Os delegados de Polícia Federal ajuizaram Ação Direta de Inconstitucionalidade – 6245 – no Supremo Tribunal Federal (STF), com pedido de liminar, contra norma que autoriza a Polícia Rodoviária Federal a fazer Termo Circunstanciado de Ocorrência (TCO). Por meio de sua entidade de classe – a Associação Nacional dos Delegados de Polícia Federal (ADPF), os policiais sustentam que o TCO caracteriza usurpação da competência da Polícia Judiciária.

O ministro Luís Roberto Barroso é o relator da ação.

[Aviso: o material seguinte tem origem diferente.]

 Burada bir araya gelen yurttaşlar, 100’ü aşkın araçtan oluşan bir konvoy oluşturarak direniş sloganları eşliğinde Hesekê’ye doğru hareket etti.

Ambas as corporações, a PF e a Polícia Rodoviária Federal, ficam sob o mesmo guarda chuva, o Ministério da Justiça e Segurança Pública, dirigido pelo ex-juiz da Lava Jato Sergio Moro.

Na ação protocolada no Supremo, a Associação Nacional dos Delegados de Polícia Federal alega que o artigo 6.º do Decreto 10.073/2019 “viola os princípios da legalidade estrita, da eficiência e da supremacia do interesse público”.

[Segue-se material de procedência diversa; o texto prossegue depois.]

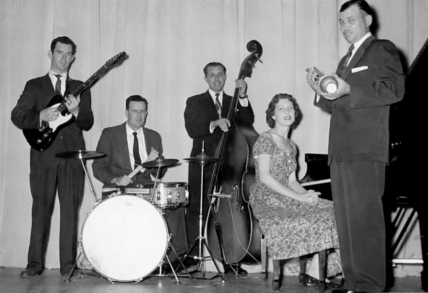 Cutt Barfied Orchestra in Vicksburg, MS. Tommy Bishop, guitar, Ed McCleve, drums, John Martin, bass. Eva Dot Ryan Barfield, Cutt’s wife, piano and Cutt Barfield, trumpet. (The picture was provided by Ed Cummins, who, with his brother Pickett, played saxophones with the Barfield Orchestra.)

Os delegados de Polícia Federal sustentam que a elaboração do Termo Circunstanciado de Ocorrência “é um procedimento jurídico e investigativo que visa apurar circunstâncias, materialidade e autoria de infrações penais de menor potencial ofensivo, de forma semelhante ao que ocorre no inquérito policial”.

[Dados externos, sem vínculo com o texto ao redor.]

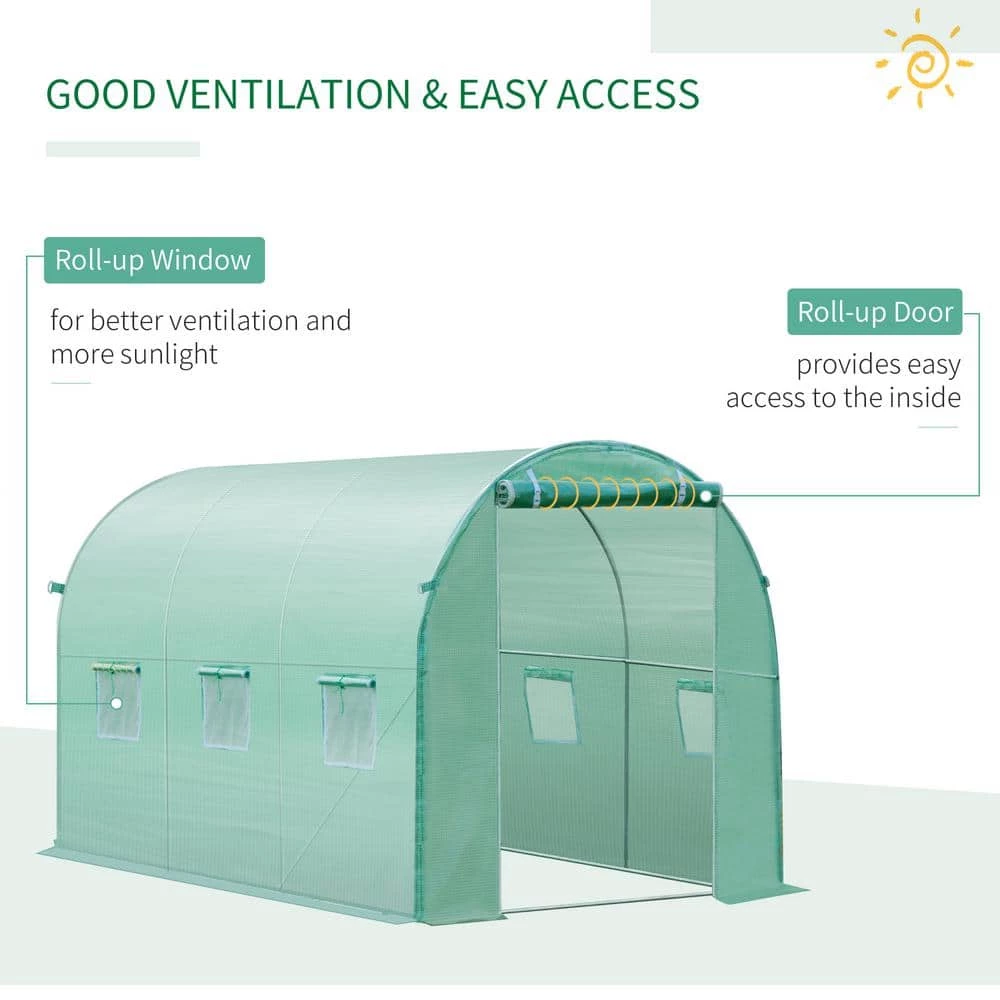 - Roll-up front entrance: a large zipped roll-up door built into the greenhouse provides easy access to the inside and can be attached to the top in order to stay open

A entidade dos delegados argumenta que esse instituto é próprio da Polícia Federal, ou seja, a Polícia Judiciária, “e não da PRF, polícia administrativa, à qual cabe exclusivamente o patrulhamento ostensivo das rodovias, nos termos da Constituição Federal”.

A Associação Nacional dos Delegados de Polícia Federal pondera que se o objetivo da norma era “fortalecer a atuação da PF, a via adequada seria, por exemplo, a recomposição dos quadros da instituição e não o deslocamento de uma de suas prerrogativas para outro órgão”.

Afirma também que o TCO visa a atender às peculiaridades da Lei dos Juizados Especiais (Lei 9.099/1995), ao adotar um procedimento simplificado sem perder a finalidade de apuração das infrações penais, ainda que de menor potencial ofensivo, razão pela qual não pode ser confundido com “mero registro de fatos” ou com um “boletim de ocorrência”.